US - USDA released its estimates of retail meat prices for March Tuesday. In spite of the well-documented struggles of wholesale prices, every retail price except the composite broiler value increased during the month, write Steve Meyer and Len Steiner.

Choice beef led the way in March gains at 1.5 per cent while the whole broiler price increased 1.1 per cent . All-Fresh beef, pork and turkey all gained less than 1 per cent in March while the composite retail broiler prices fell by 2.5 per cent .

Relative to one year ago, beef prices and whole broilers showed large gains in March. The Choice beef price was record-high at $5.30/retail pound, 4.9 per cent higher than last year. All-Fresh beef was also record high at $4.918/retail pound, up 5.3 per cent from March 2012. Whole broilers, at 1.471/pound, were 7.2 per cent higher than last year.

Pork, composite broiler and turkey prices were lower than last year. The average turkey price in March was $1.593/pound, down over 12 per cent from last year. But remember that the March ‘12 turkey value was far and away the record high at $1.812/pound. Pork prices were 0.7 per cent  lower than one year ago while composite broilers were down only 0.2 per cent .

There is growing concern that retail prices are not mirroring wholesale values in a manner that will keep product moving to consumers. The charts on page 2 (see full report) show USDA’s data for retail price, wholesale value and net farm value. There is no farm value for chicken since there is no significant farm-level trade in the sector due to vertical integration. All of these values are adjusted to a retail weight basis and are thus comparable from level to level.

It is easy to see where concerns are rising in the beef and pork sectors. Retail beef prices have risen by nearly 8 per cent since September 2012 while the average wholesale and net farm values have increased by only 1 per cent .
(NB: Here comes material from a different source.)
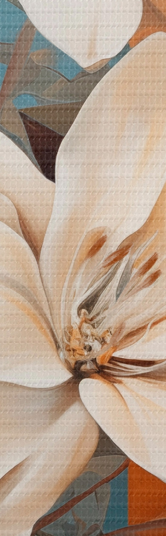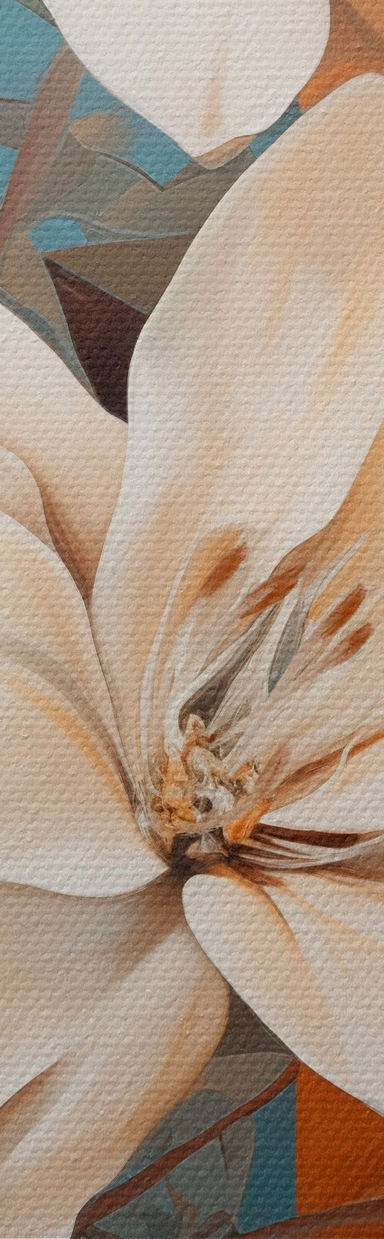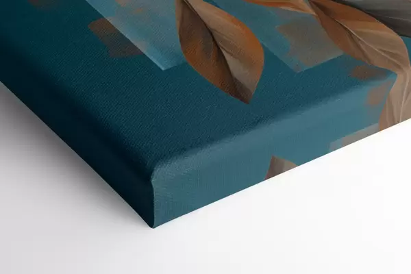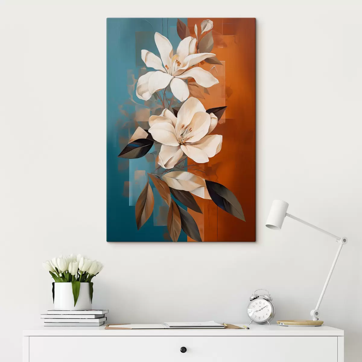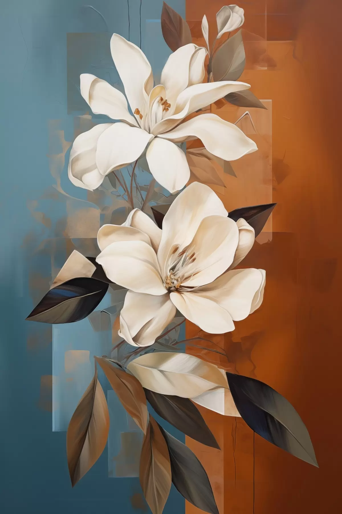 Obraz Abstraktné biele kvety a listy na pozadí hnedých a modrých abstraktných tvarov v minimalistickom štýle Nr. s46710

We believe much of this discrepancy is, to a great degree, happenstance in which we and other analysts have played no small role. Virtually everyone has expected wholesale beef prices would climb to new records due to drought– and cost-impacted placement patterns of the past two years. That expectation has been ubiquitous to say the least and has led retailers to prepare for the cost shock by pushing retail values higher.
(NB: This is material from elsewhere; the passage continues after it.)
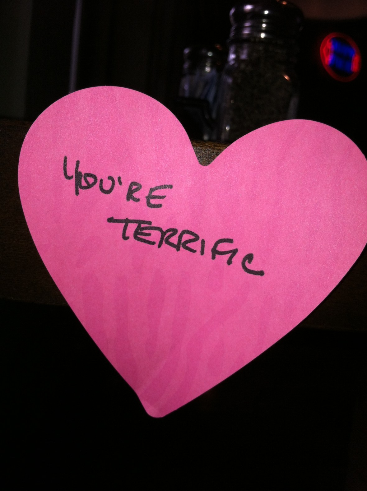I did! I have post-it’ed messages in lots of fun places today…This one was put on the napkin holder at Uno’s…

Consumers never like price increases but they like abrupt increases even less so easing into the higher price scenario was a good strategy. $200-plus wholesale choice beef, though, has proven an elusive creature and now it appears that retail prices are out of line with wholesale and farm values. Is that bad? Yes from a fairness — to both suppliers and consumers — standpoint but maybe not from a long-term business view as long as product is moving and not backing up either in cold storage or in feedlots. “Value space” can allow upstream prices to move quickly where having to lift the entire price structure can be an arduous task.

The same net situation is true in the pork complex even though the drivers are different. Retail pork prices have not risen but have in fact remained high even as wholesale values have struggled.
This is a situation where there is more product available on domestic markets due to export challenges and keeping it moving may indeed require lower prices at retail. Having some “value space” to support a wholesale pork or hog price rally is good but keeping product moving is
paramount, we think, in this situation.

USDA’s monthly Cattle on Feed report for April will be released this Friday afternoon and the eleven market analysts surveyed by Dow Jones Newswires expect lower placements, lower marketings and lower inventories.

Those are all three familiar stories for the feedlot sector of late. The ranges and averages of the survey responses appear at right. Should these estimates prove accurate, they
would imply an increase of 39,000 head in the number of cattle in U.S. feedlots with capacities of 1000 head and more during March, pushing that number to 10.896 million. The 93.5 per cent estimate for marketings would put them at 1.793 million head, a figure lower than the lowest March of the last 5 years. Placements at 99.1 per cent would put that figure at 1.776 million head, an increase of nearly 300,000 head over the February placement level.